A British government report that calls for transformation of the world food system on the scale of the industrial revolution “is much more forthright than ever before on contentious agriculture and food topics,” according to a USDA Foreign Agricultural Service analysis posted Thursday.

“Support for new technologies is upfront, as is the need to promote sustainable intensification of production, and for developed economies to consider managing their meat consumption,” the FAS analysis says. “The contribution of the organic sector is duly noted, while also indicating its limitations in sustainably feeding a growing population.”

“Coming within a year of a new U.K. coalition government (noticeably quiet on several policy fronts such as biotechnology), this report will provide the basis for UK politicians to move forward on food and farm policy, as well as seeking to influence policy further afield,” the report concluded.

The report, titled “The Future of Food and Farming,” was released in January. The FAS analysis was also written in January, but not posted until Thursday. The analysis is part of the FAS Global Agricultural Information Network page, which includes analyses that are not necessarily U.S. government policy.

The report by Foresight — the U.K. government’s futures think tank — is the product of a two-year study, involving 400 experts from 35 countries. It was co-commissioned by the U.K.’s Department for Environment, Food & Rural Affairs and the Department for International Development, and overseen by the U.K.’s Chief Science Adviser, Sir John Beddington.

The U.S. provided input primarily through Dr. Nina Fedoroff, former special adviser on science and technology to the State Department. Other U.S. contributors included USDA’s Economic Research Service, as well as Iowa State, Stanford, and Yale universities.

The report calls for “interconnected policy-making” on a variety of issues and repeats previous calls for completion of the Doha round of multilateral trade talks with an emphasis on development and changes to other policies to help the development of agriculture in the Third World.
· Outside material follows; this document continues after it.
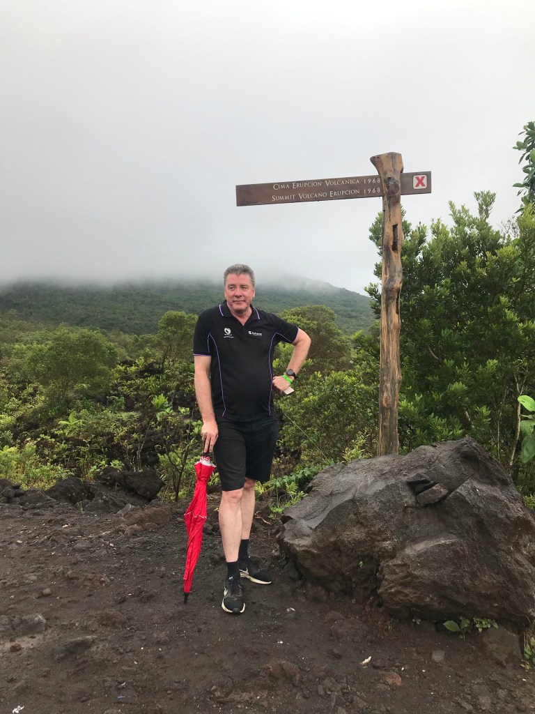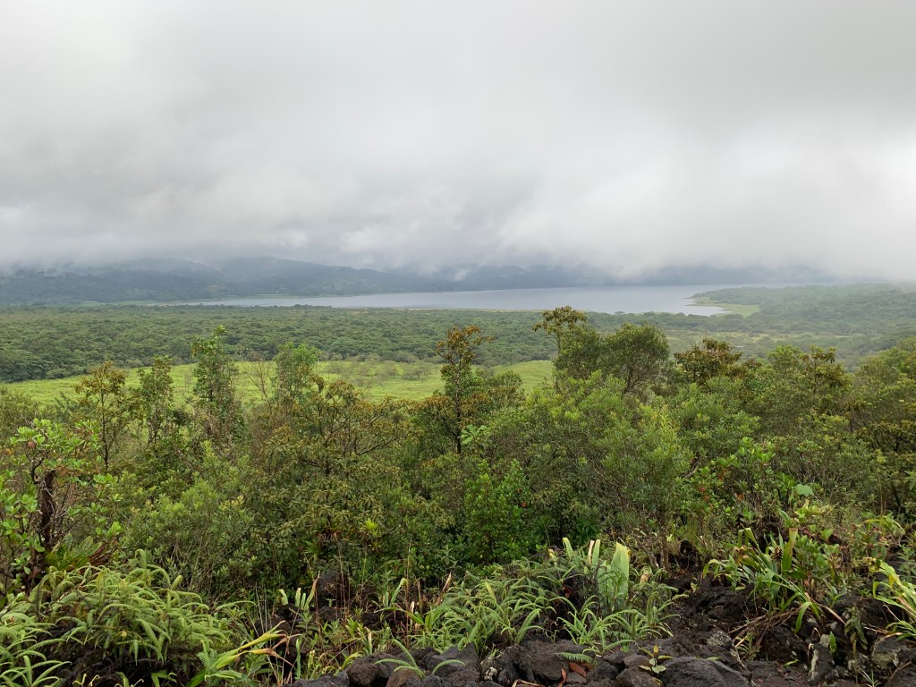 After lunch we went on another tour where we walked part way up the Arenal volcano through the lava fields from the last big eruption in 1968. It is mainly loose stony basalt which has new growth trees and grasses on it, but there is no forest here. It is mainly occupied by birds and small animals, like bats because the rainforest has not yet regenerated in 50 years. There were some good views of the Arenal Lake, which was built to provide Hydro power and currently provides about 30% of Costa Rica’s power needs. The clouds did not lift for any views of the Volcano, but that only happens about 60 days per year… so we can count ourselves lucky for the couple of shots we got yesterday.

But the report also noted that the U.K. retail food sector “would welcome government-accredited national schemes that set standards for sustainability.” It also cites the U.S.-based Keystone Alliance for Sustainable Agriculture as an entity that “has developed a series of metrics for quantifying the sustainability of agricultural systems” that may be used to reward sustainable farming systems with carbon credits and other incentives.